Total proteins were extracted from 2×106 cultured cells using radioimmunoprecipitation assay lysis buffer (1% Nonidet P-40, 0.5% sodium deoxycholate and 0.1% SDS in 1X phosphate buffer solution) containing protease inhibitors (2 µg/ml aprotinin, 2 µg/ml leupeptin and 1 mM phenylmethylsulfonyl fluoride) for 30 min on ice. Following centrifugation at 12,000 × g for 15 min at 4°C, the supernatant was resuspended in buffer containing 1% SDS and 1% dithiothreitol, and heated at 100°C for 5 min. The protein concentration was quantified using a bicinchoninic acid protein assay, and an equal amount of protein (20 µg) was electrophoresed by 10% SDS-PAGE and transferred onto nitrocellulose membranes. Following blocking with 5% non-fat dry milk in TBS-Tween-20 (TBS-T; 10 mM Tris-HCl, pH 8.0, 100 mM NaCl and 0.05% Tween-20) at room temperature for 1 h, the membrane was incubated at 4°C overnight with rabbit anti-RIP3 (1:1,000; #95702) or anti-β-actin (1:1,000; #8457) primary antibodies (both from Cell Signaling Technology, Inc.). Following incubation, the membrane was washed twice with TBS-T for 15 min and incubated with horseradish peroxidase-conjugated goat anti-rabbit secondary antibody (Abcam, ab6721, 1:5,000) at room temperature for 1 h. After washing with TBS-T, the immunoreactivities were visualized by an ECL plus chemiluminescence kit (Beyotime Institute of Biotechnology, Haimen, China) according to manufacturer's protocol (Pierce; Thermo Fisher Scientific, Inc.). The relative optical density of bands were analyzed using Image-Pro Plus 6.0 software (Media Cybernetics, Inc., Rockville, MD, USA).

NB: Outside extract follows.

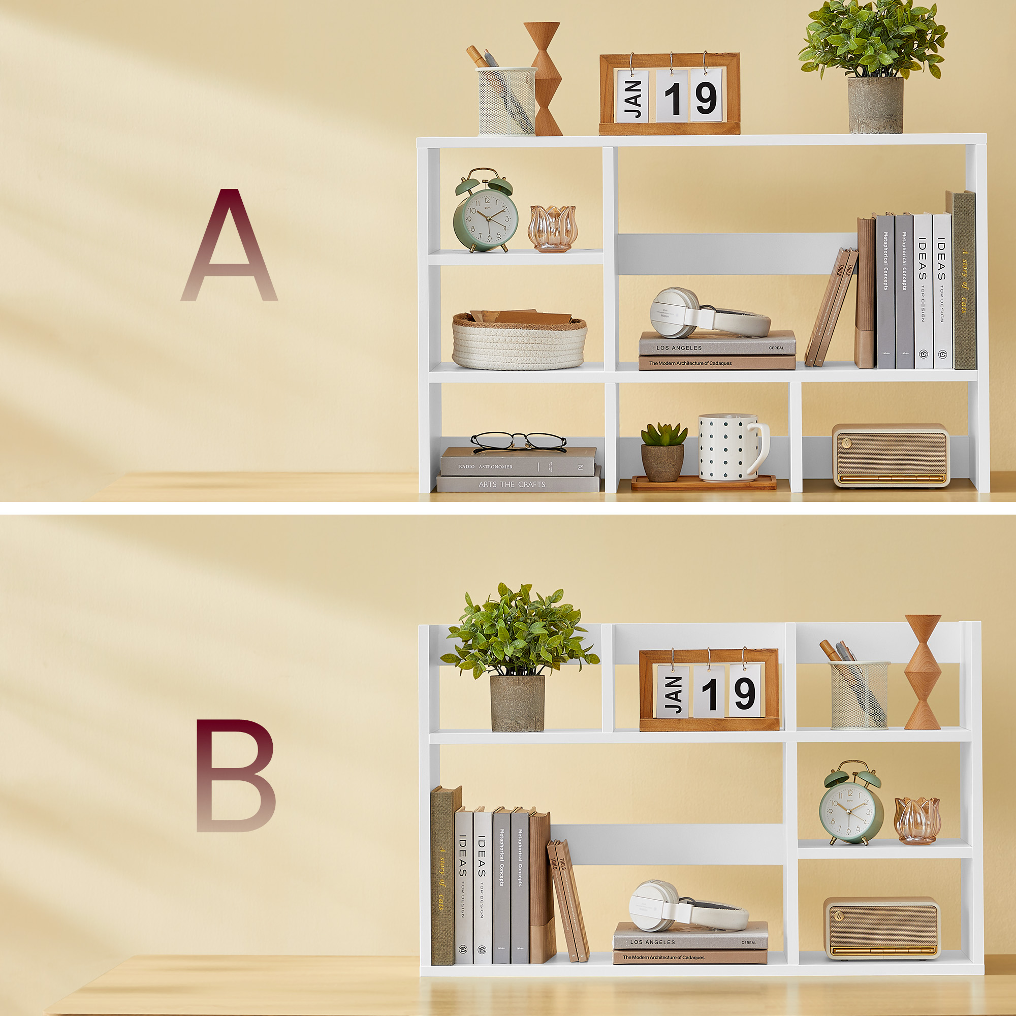 Moderne og stilfuldt skrivebordshylde: Denne hylde giver flere muligheder for at fremvise din stil. Med et enkelt, stilfuldt design med ensartede farver kan den tilføje et strejf af modernitet til dit skrivebord.

Measurement of intracellular ROS

Levels of ROS were measured using the ROS assay kit from Beyotime Institute of Biotechnology, according to the manufacturer's protocol. Briefly, following treatment, 1×106 Neuro-2a cells were incubated with 10 µM non-fluorescent probe 2′,7′-dichlorofluorescin diacetate (DCFH-DA) for 20 min at room temperature. DCFH-DA is able to penetrate the cellular membrane and be hydrolyzed to dichlorofluorescin (DCFH) carboxylate anion. DCFH is subsequently oxidized by ROS, which results in the formation of fluorescent dichlorofluorescein (DCF). DCF fluorescence was detected using fluorescence spectroscopy with maximum excitation and emission of 495 and 529 nm, respectively.

Statistical analysis

All statistical analyses were performed using GraphPad Prism 5.0 (GraphPad Software, Inc., La Jolla, CA, USA). Data are presented as the mean ± standard error of the mean. One-way analysis of variance was used to compare differences among three or more groups, which was followed by Bonferroni post-hoc testing for multiple comparisons. P<0.05 was considered to indicate a statistically significant difference.

Results

Honokiol inhibits the proliferation of Neuro-2a mouse neuroblastoma cells in a time- and dose-dependent manner

To assess the effects of honokiol on the growth of neuroblastoma cells, Neuro-2a cells were treated with 0, 30, 60 or 120 µM honokiol for 24, 48 and 72 h. Cell viability was assessed by MTT assay. As demonstrated in Fig. 1, following treatment for 24 h, 30, 60 and 120 µM honokiol resulted in inhibition of cell proliferation by 12, 25 and 30%. Furthermore, increased inhibitory effects were observed when the treatment time was extended to 48 and 72 h. These results demonstrate that honokiol inhibited the growth of Neuro-2a cells in a time- and dose-dependent manner.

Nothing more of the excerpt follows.